┌─ Dataset records

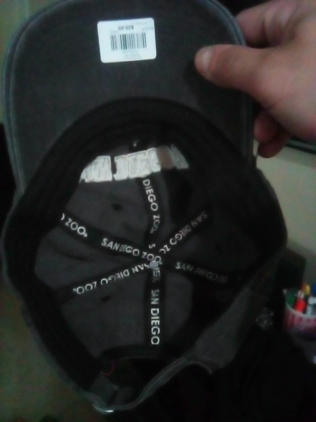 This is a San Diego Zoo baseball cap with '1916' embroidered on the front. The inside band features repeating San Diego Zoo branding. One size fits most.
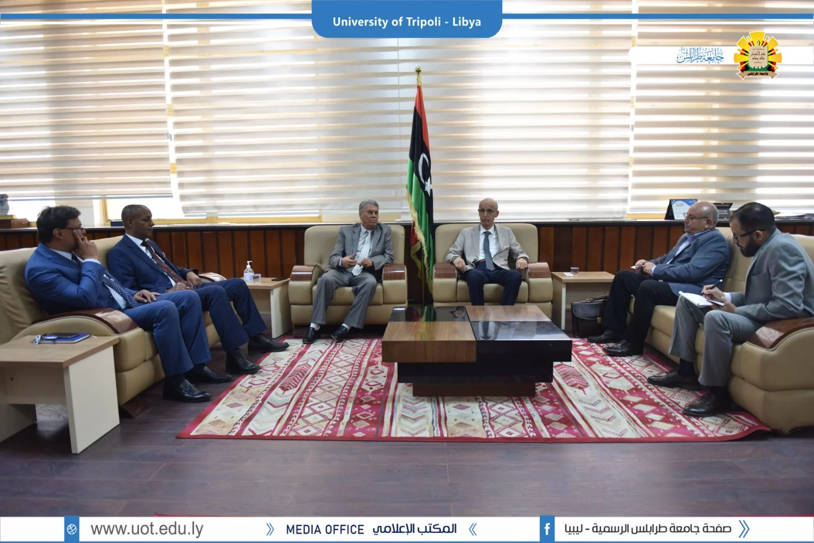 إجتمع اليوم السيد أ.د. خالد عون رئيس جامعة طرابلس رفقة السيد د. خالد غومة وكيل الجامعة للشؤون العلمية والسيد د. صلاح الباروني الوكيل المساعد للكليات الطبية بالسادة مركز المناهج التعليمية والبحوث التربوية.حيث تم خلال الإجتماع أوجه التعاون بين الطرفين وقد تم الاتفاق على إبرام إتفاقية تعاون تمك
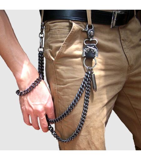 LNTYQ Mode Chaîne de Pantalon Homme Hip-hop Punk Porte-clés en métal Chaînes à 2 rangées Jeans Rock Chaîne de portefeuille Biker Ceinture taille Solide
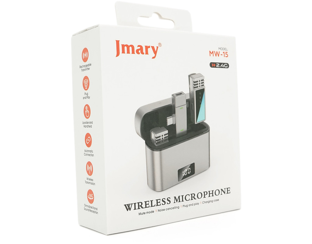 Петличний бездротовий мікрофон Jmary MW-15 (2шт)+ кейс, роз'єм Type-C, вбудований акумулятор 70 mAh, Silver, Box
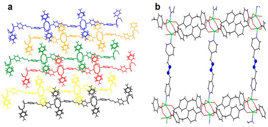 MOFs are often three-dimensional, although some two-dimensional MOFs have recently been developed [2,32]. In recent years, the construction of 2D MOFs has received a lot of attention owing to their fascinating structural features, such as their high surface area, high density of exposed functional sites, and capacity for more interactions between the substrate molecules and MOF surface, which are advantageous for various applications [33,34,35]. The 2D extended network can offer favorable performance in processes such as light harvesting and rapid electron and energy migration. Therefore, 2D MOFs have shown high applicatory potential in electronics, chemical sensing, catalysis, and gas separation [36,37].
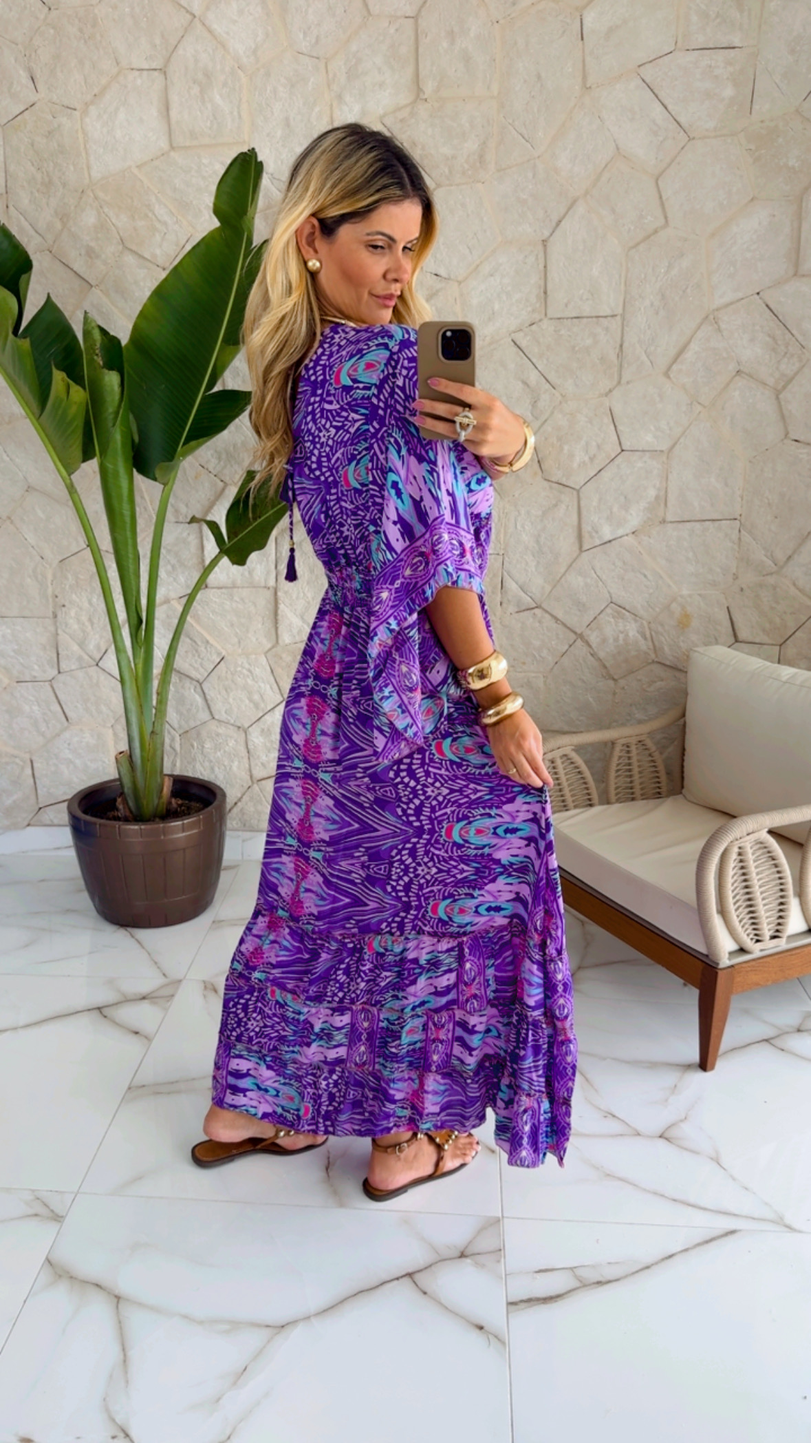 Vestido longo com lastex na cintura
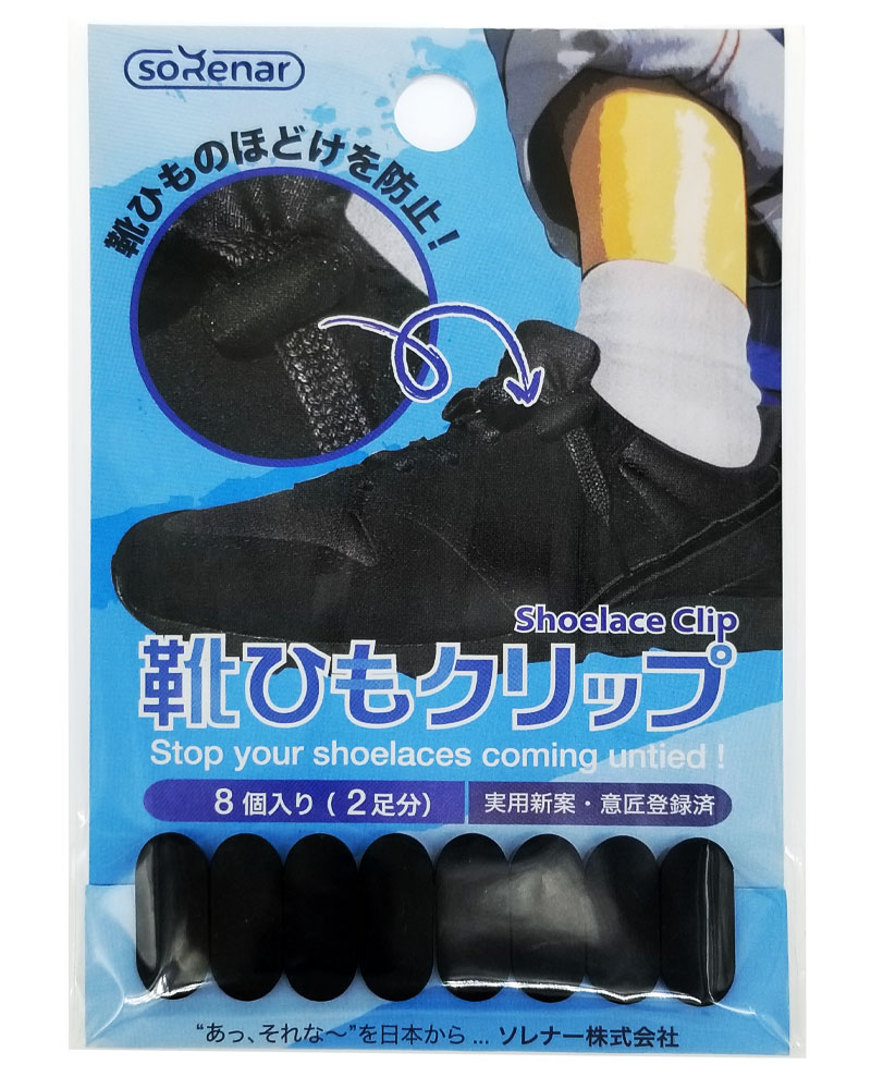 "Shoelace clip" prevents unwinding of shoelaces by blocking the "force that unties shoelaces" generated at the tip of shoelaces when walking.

└─

* [Exercise goal]:
Your answer must be the records exactly as they stand, with no pictures in it.

* [Response area]:
 This is a San Diego Zoo baseball cap with '1916' embroidered on the front. The inside band features repeating San Diego Zoo branding. One size fits most.
 إجتمع اليوم السيد أ.د. خالد عون رئيس جامعة طرابلس رفقة السيد د. خالد غومة وكيل الجامعة للشؤون العلمية والسيد د. صلاح الباروني الوكيل المساعد للكليات الطبية بالسادة مركز المناهج التعليمية والبحوث التربوية.حيث تم خلال الإجتماع أوجه التعاون بين الطرفين وقد تم الاتفاق على إبرام إتفاقية تعاون تمك
 LNTYQ Mode Chaîne de Pantalon Homme Hip-hop Punk Porte-clés en métal Chaînes à 2 rangées Jeans Rock Chaîne de portefeuille Biker Ceinture taille Solide
 Петличний бездротовий мікрофон Jmary MW-15 (2шт)+ кейс, роз'єм Type-C, вбудований акумулятор 70 mAh, Silver, Box
 MOFs are often three-dimensional, although some two-dimensional MOFs have recently been developed [2,32]. In recent years, the construction of 2D MOFs has received a lot of attention owing to their fascinating structural features, such as their high surface area, high density of exposed functional sites, and capacity for more interactions between the substrate molecules and MOF surface, which are advantageous for various applications [33,34,35]. The 2D extended network can offer favorable performance in processes such as light harvesting and rapid electron and energy migration. Therefore, 2D MOFs have shown high applicatory potential in electronics, chemical sensing, catalysis, and gas separation [36,37].
 Vestido longo com lastex na cintura
 "Shoelace clip" prevents unwinding of shoelaces by blocking the "force that unties shoelaces" generated at the tip of shoelaces when walking.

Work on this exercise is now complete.